Belum lagi Nasi Timbel, Batagor, Kupat Tahu, Pecel Lele, Masakan Padang, Mie Aceh, Tumis Cumi, Asin Cabe Hijau, dan nama-nama masakan yang pastinya segera memicu produksi air liur mendadak di dalam mulut anda, semuanya ada.

Eh, ada satu yang belum bisa kutemukan di sini. Nasi Tutug Oncom. Tapi tidak apa-apa, pertemuan dengannya selalu istimewa karena hanya setahun sekali.
Percaya ngga kalau ada orang yang tidak kuat merantau, dan menyerah pulang lagi ke kampung halaman hanya karena masalah makanan?

Ternyata makanan dan selera makan bisa menjadi faktor pembeda yang sangat kuat untuk seseorang. Untuk beberapa orang, urusan perut ini mungkin adalah yang paling penting.
Orang yang paling susah ketika merantau adalah orang yang sangat pemilih di dalam urusan makanan.

Jangankan berbeda negara, berbeda kota di dalam satu provinsi saja bisa menjadi masalah.
Memilih makanan seperti memilih jodoh saja. Hehehe.
Masalah ini aku alami sendiri ketika pertama kali merantau ke Cilegon.
Culture shock pertama ketika merantau biasanya diawali dengan makanan. Bukan hanya jenisnya, tapi kebiasaan juga.

Aku tergolong “pemakan segala”, tapi sempat kaget juga ketika pertama kali merantau dari Bandung ke Cilegon.
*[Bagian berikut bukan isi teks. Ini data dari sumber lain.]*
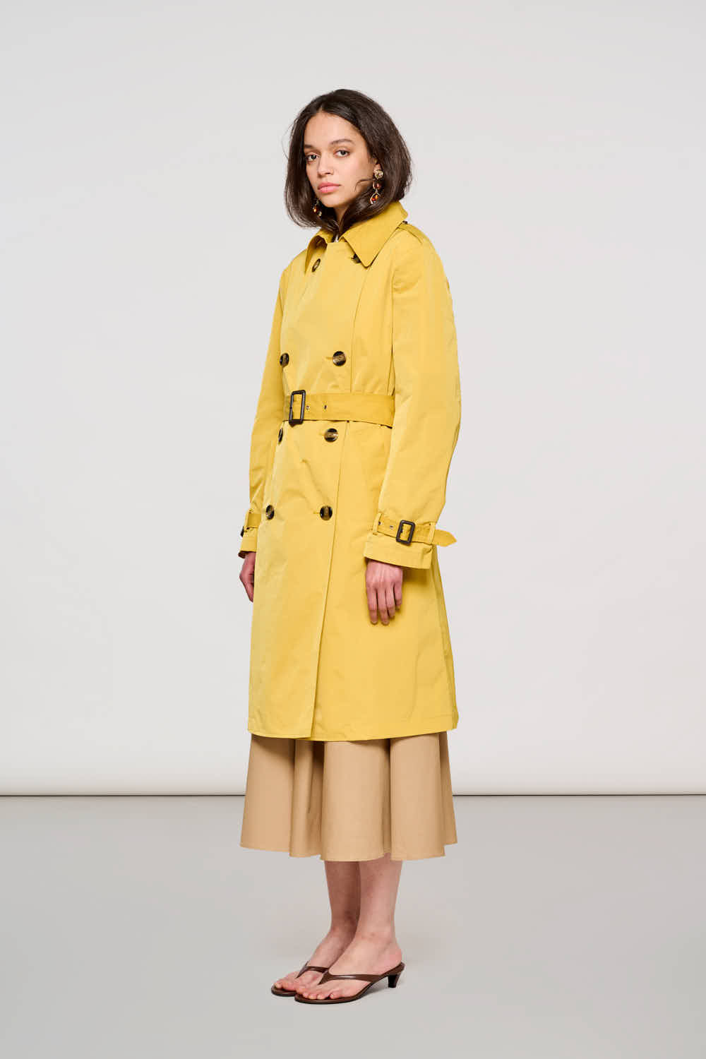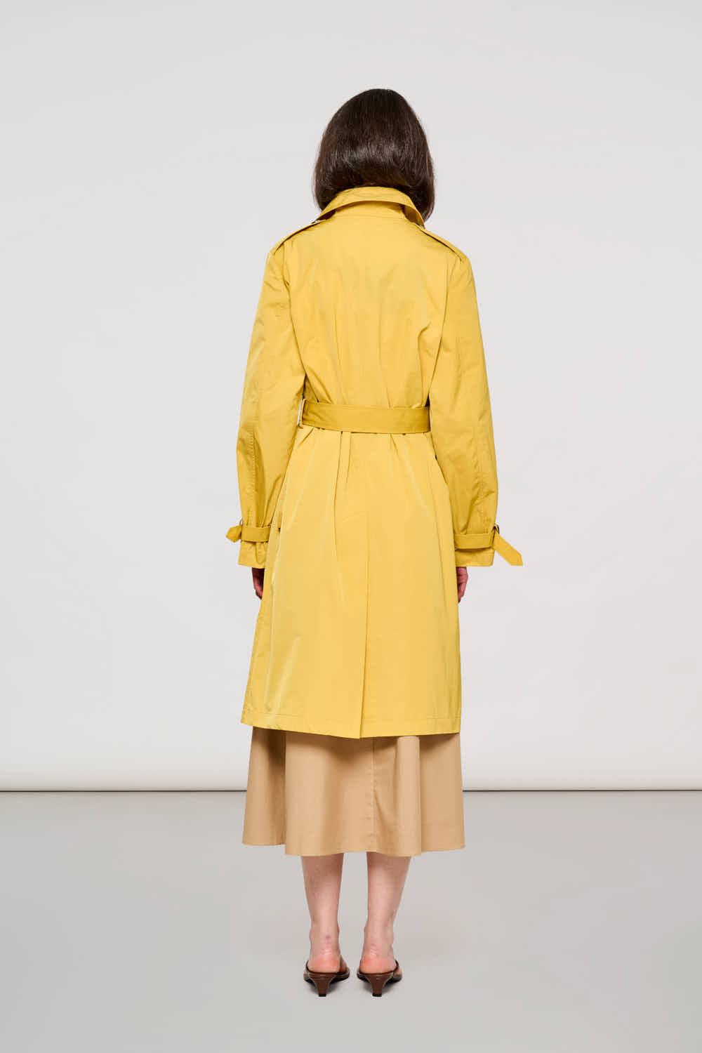 Il Brera Trench Coat 2500 in Ceylon Yellow rivisita l'iconico trench con un'esplosione di energia. Il tessuto tecnico "Memory" anti-piega esalta la tonalità giallo vibrante, creando un capospalla solare che illumina anche le giornate più grigie.
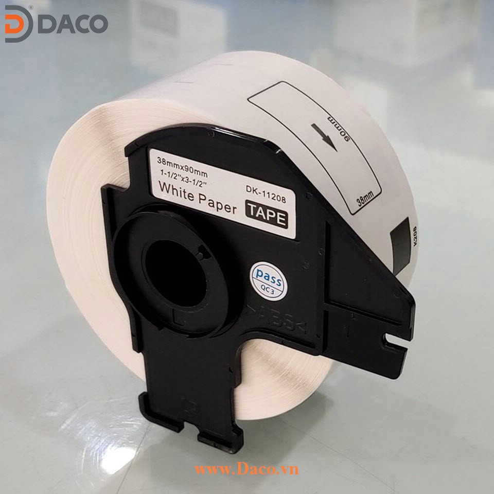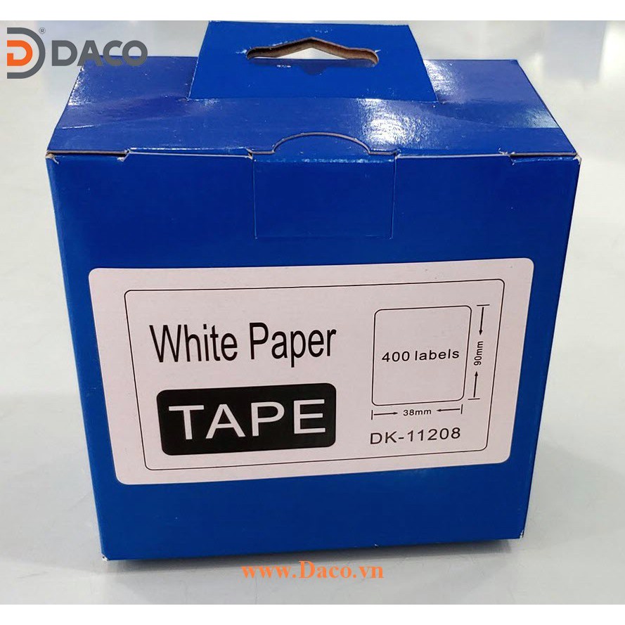 Nhãn giấy DK-11208 38mmx90mm 400 miếng Chữ Đen Nền Trắng
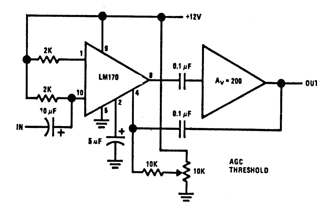 Encontramos este circuito en una documentación de los años 70. El circuito utiliza amplificadores de la época, pero puede ser implementado con equivalentes modernos. La alimentación no necesita srer simétrico.
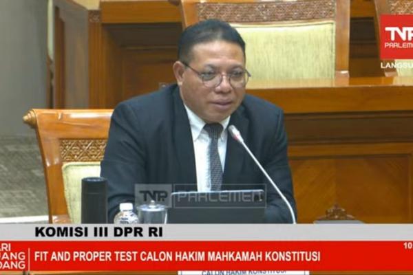 Tangkapan layar calon Hakim Konstitusi, Inosentius Samsul saat uji kelayakan dan kepatutan di Komisi III DPR RI. (TVR Parlemen)
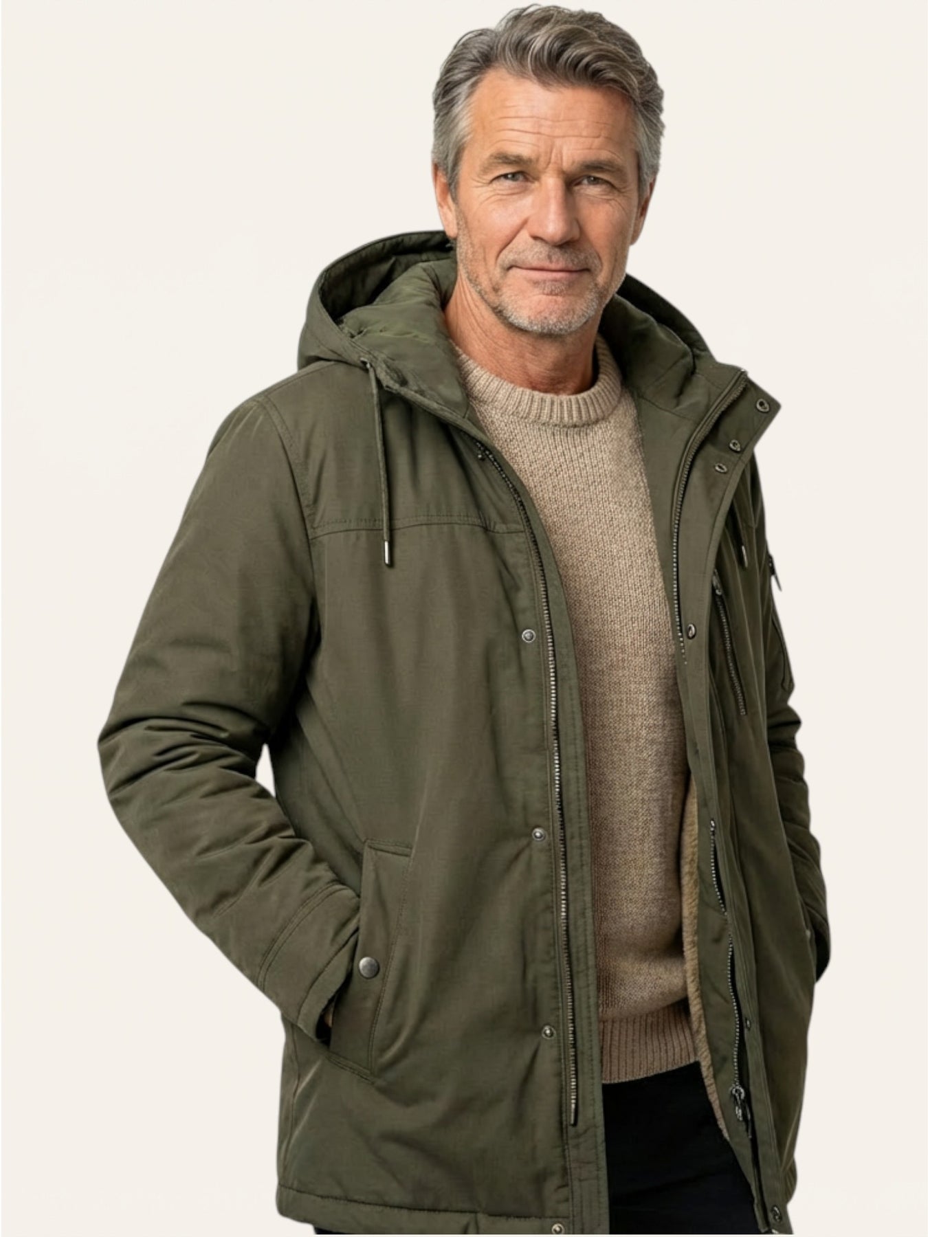 Denne herrenjakken med hette gir ultimat varme og komfort for de kalde månedene. Det praktiske designet med hette gir ekstra beskyttelse mot elementene, mens den polstrede strukturen holder deg varm. Jakken er perfekt for daglig bruk og tilbyr både funksjonalitet og stil.

Ada beberapa cita rasa kuliner dan gaya yang sangat berbeda dengan kuliner di Bandung.
Di Cilegon atau daerah banten pada umumnya, Bubur Ayam hampir selalu bersanding dengan kata “Cirebon”.

Walaupun sama-sama bubur ayam, aku sempat terkaget-kaget ketika tahu ternyata di Cilegon bubur ayamnya diberi kuah kuning. Penjualnya pun tidak hanya roda gerobak dorong, tapi ada yang berkeliling dengan sepeda ontel.
Di Cilegon juga aku berkenalan dengan Mie Bakso dengan variasi diberi lontong. Tidak ada Mie Kocok atau Mie Yamin di Cilegon.
Di Bandung aku hampir tidak pernah makan dengan memakai garpu, bahkan sendok pun hanya untuk makan yang berkuah saja.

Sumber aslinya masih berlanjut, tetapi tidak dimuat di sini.